Development teams often get stuck when they encounter real-life challenges that are not addressed by most formal Agile/Scrum training, especially when they try to implement Agile/Scrum in a traditional/Waterfall environment.
- How do you handle a sponsor that wants regular “percentage complete” progress reporting and release schedules? Isn’t Agile/Scrum supposed to free us of this reporting?
- How can you deal with reliance on other groups/functions that still practice traditional or Waterfall project management?
- My organization wants us to use formal risk assessment – isn’t that against the spirit of Agile?
- My sponsor insists on the project fitting into a feasibility gating project framework. That doesn’t sound very Agile.
- How can I coordinate multiple teams to deliver in a synchronized, smooth way?
In this content area, we share the top challenges encountered by Scrum teams and our best, proven solutions to deal with them. Some examples and tips:
- Agile does not mean a scope free-for-all: create and manage a backlog instead. Try creating a “Minimum Valuable Product” and take things out of your backlog that don’t create value.
Requirements – What really works?
- Most teams only need: acceptance criteria, process/business flows, business rules and visuals – wireframes, mapping documents, value mapping. What do you think you need and why?
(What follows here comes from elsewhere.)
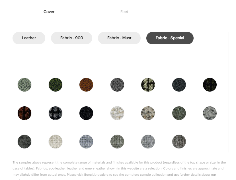 Materialele, țesăturile, pielea, culorile și finisajele sunt aproximative și pot diferi ușor de cele reale. Colecția completă de țesături și piei Bonaldo o găsiți pe site-ul www.bonaldo.com

Release Planning and Beyond
- Develop a roadmap showing leadership the underlying assumptions and delivery plan of work. They’ll feel better and it will build trust.
Dependencies Outside of Your Team
- Identify and place them on your roadmap – examples include: architecture, database etc. Understanding the environment and the constraints within it are key.
- Create a visual and update every month – Scrum will point out issues and risks – what will you do with this rich data?